Dois antigos militares norte-americanos foram condenados a 20 anos de prisão na Venezuela por participarem numa incursão ilegal no Estado venezuelano numa operação denominada GEDEÓN, em maio de 2020.

De acordo com informações em primeira mão fornecidas pelo Procurador-Geral da Venezuela, Tarek William Saab, na sua conta no Twitter, durante a audiência preliminar os acusados, os cidadãos norte-americanos Luke Denman e Airan Berry confessaram “a sua responsabilidade nos factos”, acrescentando que “estes homens admitiram ter cometido crimes de conspiração, associação, tráfico ilícito de armas de guerra e terrorismo”, crimes puníveis ao abrigo do código penal da Venezuela.

Mark, irmão de um dos detidos catalogados como mercenários pelo atual governo da Venezuela, numa entrevista exclusiva e esclareceu a situação atual dos detidos, as ações a serem tomadas para conseguir a sua libertação e se os rumores que circulam à velocidade da luz sobre se poderiam ser trocados pelo diplomata Alex Saab, que está detido nos EUA sob uma única acusação de branqueamento de capitais, são verdadeiros.

Como descobriu que o seu irmão, Luke Denman, estava detido na Venezuela?

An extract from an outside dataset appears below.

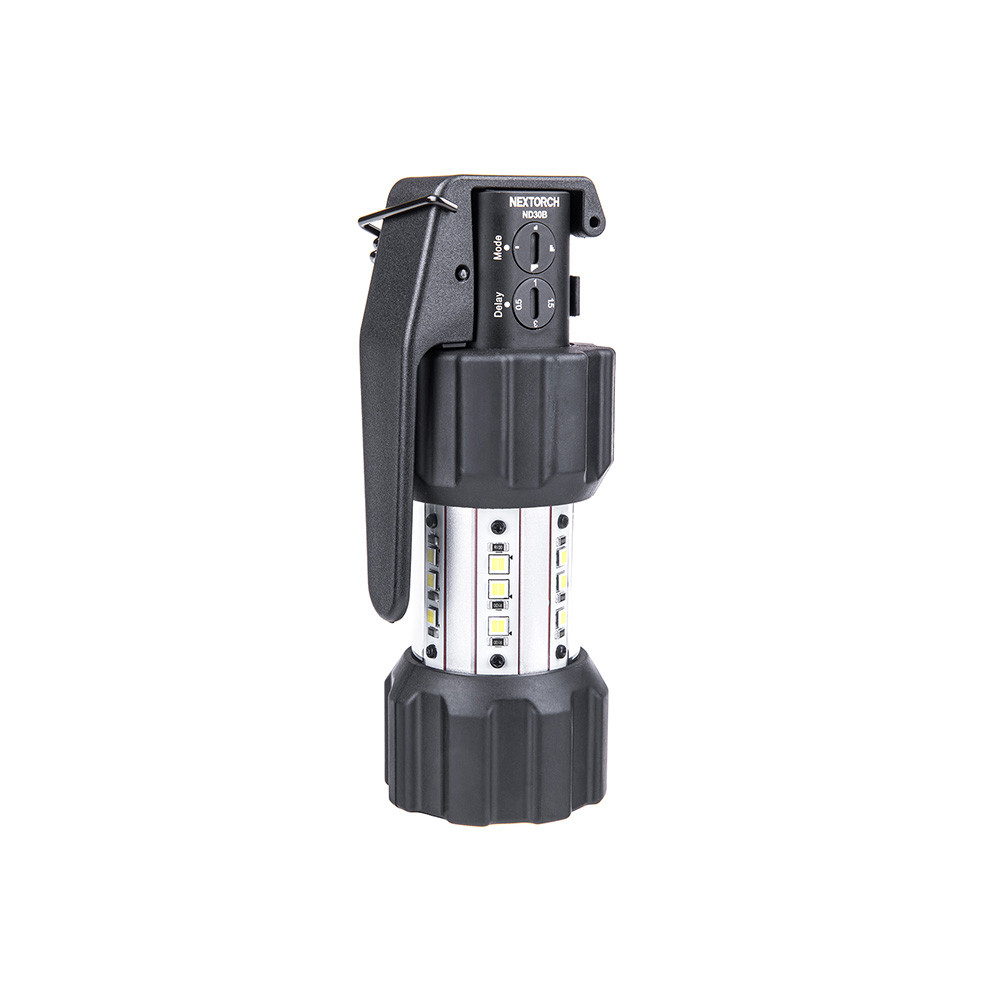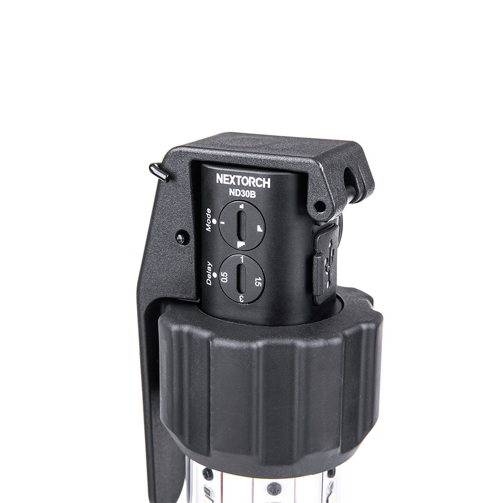 De ND30B Tactical Training Grenade is een zeer effectief apparaat voor verdoving en verblinding. De krachtige stroboscoop van 11.000 lumen en het 130 dB audiosignaal zorgen voor afleiding vóór een mogelijke aanval of helpen een potentiële aanvaller af te schrikken. Hij biedt in totaal vier programmeerbare modi voor verschillende scenario's. Hij is zeer zuinig dankzij zijn herbruikbare karakter: hij is voorzien van siliconen hoesjes en kan worden opgeladen via een ingebouwde USB-C-poort. Dit maakt het een ideale trainingsgranaat! Technische specificaties

Bem, quando eu falei com ele antes disto e ele disse-me que estava na Colômbia. Obviamente, estava curioso e perguntei-lhe o que estava a fazer na Colômbia. A última vez que falei com ele, ele disse-me que estava a tirar algumas competências subaquáticas e certificações de cursos como soldadura subaquática, etc. Então, bem, ele disse-me que estava na Colômbia a treinar alguns venezuelanos. Claro que eu estava curioso em saber mais e ele disse: “É uma missão apoiada pelos EUA que apoia o legítimo presidente da Venezuela, Juan Guaidó, ele próprio reconhecido pelos Estados Unidos”.

Sempre fui muito cético em relação a este tipo de contratos. Eu disse, se estiveres a operar como soldado e se não tiveres a bandeira dos EUA no braço e se as coisas não correrem bem, podem abandonar-te. Disse-lhe que ele não era importante e sou muito mais cínico e crítico em relação ao governo e ao seu funcionamento. Ele é muito mais patriota e acredita na missão e na democracia e em tudo isso. Então, disse-lhe que espero que tenhas cuidado e ele disse: “Temos o suporte e apoio do governo dos Estados Unidos. Está tudo bem”.

Mas como é que descobre a detenção do seu irmão?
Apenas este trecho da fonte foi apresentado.